Source data =>
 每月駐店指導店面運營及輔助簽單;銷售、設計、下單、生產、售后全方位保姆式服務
--
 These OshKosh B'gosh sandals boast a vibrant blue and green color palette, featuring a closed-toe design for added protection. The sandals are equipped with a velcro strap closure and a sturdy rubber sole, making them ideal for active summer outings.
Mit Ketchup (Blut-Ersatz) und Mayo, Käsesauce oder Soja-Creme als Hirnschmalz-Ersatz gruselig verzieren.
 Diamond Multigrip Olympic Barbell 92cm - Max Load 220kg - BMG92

Work required =>
From the records above, transcribe exactly the run of lines that opens with the line holding "Mit Ketchup (Blut-Ersatz)" and closes with the line holding "Diamond Multigrip Olympic", both included.

Solution to this task =>
Mit Ketchup (Blut-Ersatz) und Mayo, Käsesauce oder Soja-Creme als Hirnschmalz-Ersatz gruselig verzieren.
 Diamond Multigrip Olympic Barbell 92cm - Max Load 220kg - BMG92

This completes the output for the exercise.